Set down, please, exactly the lines below that run from the line with "Crystal Royal Skull" to the line with "ร่างกาย : ใส่ชุดทำงาน/แบบฟอร์มพร้อมอุปกรณ์ป้องกันให้เรียบร้อย", both lines included.

● **DATA**

▼▼▼

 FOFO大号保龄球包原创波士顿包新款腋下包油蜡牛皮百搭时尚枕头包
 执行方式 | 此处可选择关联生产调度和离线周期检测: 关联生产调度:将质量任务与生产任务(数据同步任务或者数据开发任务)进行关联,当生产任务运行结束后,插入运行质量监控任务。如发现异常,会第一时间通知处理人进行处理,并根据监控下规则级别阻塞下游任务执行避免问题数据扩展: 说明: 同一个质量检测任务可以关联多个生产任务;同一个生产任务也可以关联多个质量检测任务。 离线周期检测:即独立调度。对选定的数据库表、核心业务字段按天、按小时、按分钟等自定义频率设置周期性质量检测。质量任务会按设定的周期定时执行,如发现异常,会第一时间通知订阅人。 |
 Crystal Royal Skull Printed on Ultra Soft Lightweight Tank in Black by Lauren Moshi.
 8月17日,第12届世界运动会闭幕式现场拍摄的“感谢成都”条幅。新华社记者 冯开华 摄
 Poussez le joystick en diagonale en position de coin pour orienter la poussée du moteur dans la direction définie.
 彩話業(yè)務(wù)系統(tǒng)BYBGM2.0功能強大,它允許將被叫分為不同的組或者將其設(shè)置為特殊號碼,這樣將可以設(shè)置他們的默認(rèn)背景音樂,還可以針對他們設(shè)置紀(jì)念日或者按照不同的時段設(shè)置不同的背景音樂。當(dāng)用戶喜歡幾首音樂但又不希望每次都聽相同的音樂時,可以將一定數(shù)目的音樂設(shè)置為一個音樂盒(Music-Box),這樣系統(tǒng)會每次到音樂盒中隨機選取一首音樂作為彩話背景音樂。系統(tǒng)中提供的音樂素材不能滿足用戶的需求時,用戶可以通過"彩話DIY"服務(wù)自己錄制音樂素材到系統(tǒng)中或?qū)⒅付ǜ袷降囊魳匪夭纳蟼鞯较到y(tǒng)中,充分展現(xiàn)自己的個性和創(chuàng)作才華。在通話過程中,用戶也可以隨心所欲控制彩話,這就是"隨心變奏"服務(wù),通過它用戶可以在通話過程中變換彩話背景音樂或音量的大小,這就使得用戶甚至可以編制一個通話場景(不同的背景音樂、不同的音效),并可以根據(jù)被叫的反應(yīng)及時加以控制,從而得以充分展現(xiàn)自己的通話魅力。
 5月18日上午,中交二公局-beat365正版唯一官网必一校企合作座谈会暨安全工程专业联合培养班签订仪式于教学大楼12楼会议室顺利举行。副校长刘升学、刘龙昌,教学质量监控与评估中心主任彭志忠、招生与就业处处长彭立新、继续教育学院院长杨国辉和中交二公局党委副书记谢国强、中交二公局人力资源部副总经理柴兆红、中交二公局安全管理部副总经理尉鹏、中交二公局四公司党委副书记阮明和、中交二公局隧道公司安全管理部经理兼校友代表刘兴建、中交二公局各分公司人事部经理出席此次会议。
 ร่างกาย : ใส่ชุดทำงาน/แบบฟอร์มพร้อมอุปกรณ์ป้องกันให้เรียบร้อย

▲▲▲
▼▼▼

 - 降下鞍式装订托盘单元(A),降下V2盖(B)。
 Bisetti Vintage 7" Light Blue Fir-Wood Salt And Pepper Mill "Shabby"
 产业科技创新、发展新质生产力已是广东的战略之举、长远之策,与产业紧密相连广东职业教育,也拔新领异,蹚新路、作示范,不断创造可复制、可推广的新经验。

▲▲▲

● **EXPECTED OUTPUT**
 Crystal Royal Skull Printed on Ultra Soft Lightweight Tank in Black by Lauren Moshi.
 8月17日,第12届世界运动会闭幕式现场拍摄的“感谢成都”条幅。新华社记者 冯开华 摄
 Poussez le joystick en diagonale en position de coin pour orienter la poussée du moteur dans la direction définie.
 彩話業(yè)務(wù)系統(tǒng)BYBGM2.0功能強大,它允許將被叫分為不同的組或者將其設(shè)置為特殊號碼,這樣將可以設(shè)置他們的默認(rèn)背景音樂,還可以針對他們設(shè)置紀(jì)念日或者按照不同的時段設(shè)置不同的背景音樂。當(dāng)用戶喜歡幾首音樂但又不希望每次都聽相同的音樂時,可以將一定數(shù)目的音樂設(shè)置為一個音樂盒(Music-Box),這樣系統(tǒng)會每次到音樂盒中隨機選取一首音樂作為彩話背景音樂。系統(tǒng)中提供的音樂素材不能滿足用戶的需求時,用戶可以通過"彩話DIY"服務(wù)自己錄制音樂素材到系統(tǒng)中或?qū)⒅付ǜ袷降囊魳匪夭纳蟼鞯较到y(tǒng)中,充分展現(xiàn)自己的個性和創(chuàng)作才華。在通話過程中,用戶也可以隨心所欲控制彩話,這就是"隨心變奏"服務(wù),通過它用戶可以在通話過程中變換彩話背景音樂或音量的大小,這就使得用戶甚至可以編制一個通話場景(不同的背景音樂、不同的音效),并可以根據(jù)被叫的反應(yīng)及時加以控制,從而得以充分展現(xiàn)自己的通話魅力。
 5月18日上午,中交二公局-beat365正版唯一官网必一校企合作座谈会暨安全工程专业联合培养班签订仪式于教学大楼12楼会议室顺利举行。副校长刘升学、刘龙昌,教学质量监控与评估中心主任彭志忠、招生与就业处处长彭立新、继续教育学院院长杨国辉和中交二公局党委副书记谢国强、中交二公局人力资源部副总经理柴兆红、中交二公局安全管理部副总经理尉鹏、中交二公局四公司党委副书记阮明和、中交二公局隧道公司安全管理部经理兼校友代表刘兴建、中交二公局各分公司人事部经理出席此次会议。
 ร่างกาย : ใส่ชุดทำงาน/แบบฟอร์มพร้อมอุปกรณ์ป้องกันให้เรียบร้อย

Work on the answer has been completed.